Angela Weiss / AFP via Getty Images

After a lackluster month for shares of

AMC Entertainment Holdings

and

GameStop,

both roared higher on Tuesday, burning short sellers along the way.

On Tuesday,

AMC Entertainment

stock (ticker: AMC) surged 24% to $43.09 while

GameStop

stock (GME) closed up 10% to $191.18. Both posted their highest close since July 9. GameStop stock is still down 10.7% month-to-date, while AMC stock is down 24% in July, according to Dow Jones Market Data.

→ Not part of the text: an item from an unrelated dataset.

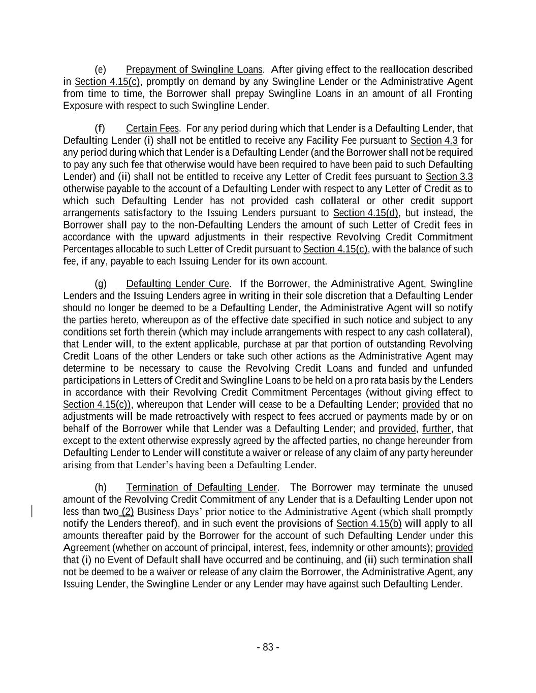- 83 - (e) Prepayment of Swingline Loans. After giving effect to the reallocation described in Section 4.15(c), promptly on demand by any Swingline Lender or the Administrative Agent from time to time, the Borrower shall prepay Swingline Loans in an amount of all Fronting Exposure with respect to such Swingline Lender. (f) Certain Fees. For any period during which that Lender is a Defaulting Lender, that Defaulting Lender (i) shall not be entitled to receive any Facility Fee pursuant to Section 4.3 for any period during which that Lender is a Defaulting Lender (and the Borrower shall not be required to pay any such fee that otherwise would have been required to have been paid to such Defaulting Lender) and (ii) shall not be entitled to receive any Letter of Credit fees pursuant to Section 3.3 otherwise payable to the account of a Defaulting Lender with respect to any Letter of Credit as to which such Defaulting Lender has not provided cash collateral or other credit support arrangements satisfactory to the Issuing Lenders pursuant to Section 4.15(d), but instead, the Borrower shall pay to the non-Defaulting Lenders the amount of such Letter of Credit fees in accordance with the upward adjustments in their respective Revolving Credit Commitment Percentages allocable to such Letter of Credit pursuant to Section 4.15(c), with the balance of such fee, if any, payable to each Issuing Lender for its own account. (g) Defaulting Lender Cure. If the Borrower, the Administrative Agent, Swingline Lenders and the Issuing Lenders agree in writing in their sole discretion that a Defaulting Lender should no longer be deemed to be a Defaulting Lender, the Administrative Agent will so notify the parties hereto, whereupon as of the effective date specified in such notice and subject to any conditions set forth therein (which may include arrangements with respect to any cash collateral), that Lender will, to the extent applicable, purchase at par that portion of outstanding Revolving Credit Loans of the other Lenders or take such other actions as the Administrative Agent may determine to be necessary to cause the Revolving Credit Loans and funded and unfunded participations in Letters of Credit and Swingline Loans to be held on a pro rata basis by the Lenders in accordance with their Revolving Credit Commitment Percentages (without giving effect to Section 4.15(c)), whereupon that Lender will cease to be a Defaulting Lender; provided that no adjustments will be made retroactively with respect to fees accrued or payments made by or on behalf of the Borrower while that Lender was a Defaulting Lender; and provided, further, that except to the extent otherwise expressly agreed by the affected parties, no change hereunder from Defaulting Lender to Lender will constitute a waiver or release of any claim of any party hereunder arising from that Lender’s having been a Defaulting Lender. (h) Termination of Defaulting Lender. The Borrower may terminate the unused amount of the Revolving Credit Commitment of any Lender that is a Defaulting Lender upon not less than two (2) Business Days’ prior notice to the Administrative Agent (which shall promptly notify the Lenders thereof), and in such event the provisions of Section 4.15(b) will apply to all amounts thereafter paid by the Borrower for the account of such Defaulting Lender under this Agreement (whether on account of principal, interest, fees, indemnity or other amounts); provided that (i) no Event of Default shall have occurred and be continuing, and (ii) such termination shall not be deemed to be a waiver or release of any claim the Borrower, the Administrative Agent, any Issuing Lender, the Swingline Lender or any Lender may have against such Defaulting Lender.

AMC and GameStop are the two major meme stocks—meaning their daily price movements are often unpredictable, having more to do with factors like social media chatter, options and momentum trading quirks, and short seller activity. Several analysts have dropped coverage on GameStop, arguing it no longer trades based on fundamentals.

Ihor Dusaniwsky,
managing director at short-selling data provider S3 Partners, told Barron’s he estimates 75.8 million AMC shares are sold short, or roughly 15% of shares available for trading. There has been some covering, as he estimates shares shorted are down by about 4 million over the last week. But with the stock up $8.47 on Tuesday, short sellers were down $642 million in mark-to-market losses on Tuesday alone, bringing the year-to-date losses to $3.82 billion.

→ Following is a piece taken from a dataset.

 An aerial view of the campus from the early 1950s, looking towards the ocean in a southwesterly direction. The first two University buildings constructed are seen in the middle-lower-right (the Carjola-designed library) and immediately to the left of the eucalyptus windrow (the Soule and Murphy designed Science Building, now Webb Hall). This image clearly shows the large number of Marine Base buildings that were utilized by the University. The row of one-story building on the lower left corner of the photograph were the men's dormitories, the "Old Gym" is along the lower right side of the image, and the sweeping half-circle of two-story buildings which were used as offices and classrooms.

For GameStop, he estimates about 7.9 million shares shorted, or 14% of shares available for trading, down by about a million shares over the last week. Based on those numbers, short sellers were down $139.8 million on Tuesday, bringing year-to-date losses to $6.32 billion.

AMC did give investors some news to chew on. After the close on Monday, the company said it was adding two former Pacific Theatres locations in the Los Angeles area. It also said it’s in discussions with other property owners regarding adding more closed locations. Consolidation would be good for AMC, but it would take bold assumptions to justify the stock’s current levels.

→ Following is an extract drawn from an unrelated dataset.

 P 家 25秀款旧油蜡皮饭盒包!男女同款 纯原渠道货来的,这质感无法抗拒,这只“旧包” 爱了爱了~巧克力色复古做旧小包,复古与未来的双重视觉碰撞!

There was no such news for GameStop to justify the move—though late Monday night chairman
Ryan Cohen
posted a photo of himself with chopsticks in his nose with the caption “PG-13.” Reddit users for months have speculated wildly based on every emoji, GIF, and photo that the Chewy co-founder has shared on Twitter.

What comes next for the meme stocks is anyone’s guess. Wall Street pros have been calling for a crash for months, but meme stocks have held up, albeit with plenty of volatility along the way. Eventually the companies will need to put their cash to work and justify these elevated valuations. Just not yet, apparently.